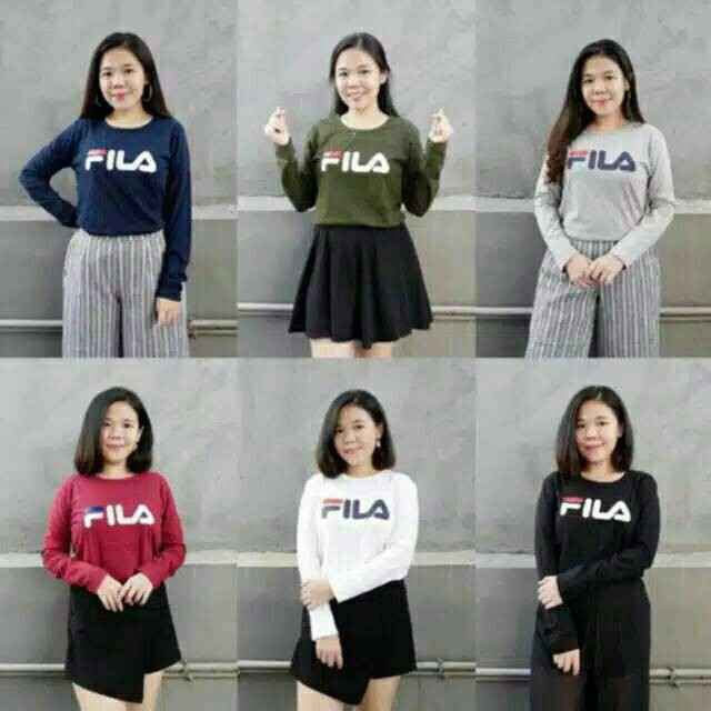 kaos cewe lengan panjang baju cewe kaos wanita baju wanita tshirt tee fila LP Limited | Shopee Indonesia
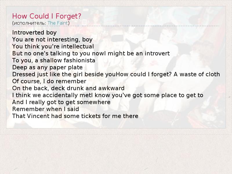 А как ты думаешь, о чем песня "How Could I Forget?" ?
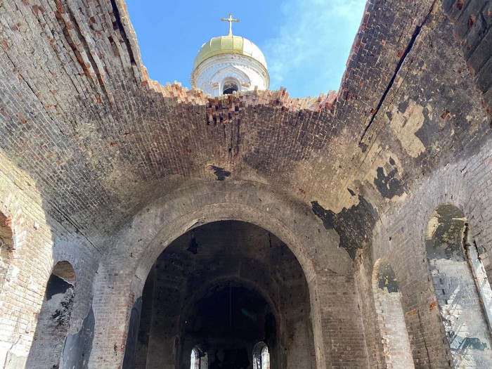 Двері Вознесенської церкви відчинені. Здається, що ніби всередині хтось господарює, але це тільки вітер і птахи. У центральній частині будівлі, що є архітектурною пам’яткою початку ХХ століття, скидана купа цегли, через зруйнований купол видніється небо. Під час окупації російські військові на території біля церкви поставили військову техніку, а в храмі зробили склад боєприпасів. Під час боїв внаслідок детонації церква горіла. У ході обстеження релігійної споруди після звільнення села працівники ДСНС виявили не тільки залишки снарядів, але й тіла закатованих людей.
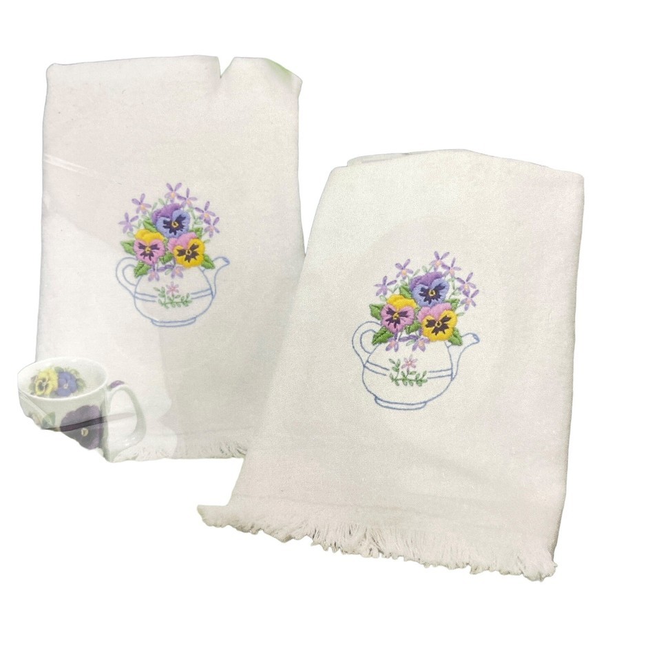 Features 2 terry cloth towels with purple and yellow Pansy flowers in teapots.
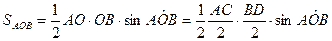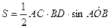 измерения площадей (п.1 §1) имеем: Докажем еще одну теорему о площади параллелограмма, которой часто пользуются при решении задач. Теорема 7. Площадь параллелограмма равна: а) произведению смежных сторон на синус угла между ними; б) половине произведения диагоналей на синус угла между ними. ○ Пусть S – площадь параллелограмма ABCD , диагонали AC и BD которого пересекаются в точке О . а) Треугольники ABD
- - - - - - -
--- EXERCISE GOAL ---
Beginning with the line that holds "А как ты думаешь, о", return each line through the end of the records above exactly. Do not include pictures.

--- RESPONSE TO THIS EXERCISE ---
 А как ты думаешь, о чем песня "How Could I Forget?" ?
 Двері Вознесенської церкви відчинені. Здається, що ніби всередині хтось господарює, але це тільки вітер і птахи. У центральній частині будівлі, що є архітектурною пам’яткою початку ХХ століття, скидана купа цегли, через зруйнований купол видніється небо. Під час окупації російські військові на території біля церкви поставили військову техніку, а в храмі зробили склад боєприпасів. Під час боїв внаслідок детонації церква горіла. У ході обстеження релігійної споруди після звільнення села працівники ДСНС виявили не тільки залишки снарядів, але й тіла закатованих людей.
 Features 2 terry cloth towels with purple and yellow Pansy flowers in teapots.
 измерения площадей (п.1 §1) имеем: Докажем еще одну теорему о площади параллелограмма, которой часто пользуются при решении задач. Теорема 7. Площадь параллелограмма равна: а) произведению смежных сторон на синус угла между ними; б) половине произведения диагоналей на синус угла между ними. ○ Пусть S – площадь параллелограмма ABCD , диагонали AC и BD которого пересекаются в точке О . а) Треугольники ABD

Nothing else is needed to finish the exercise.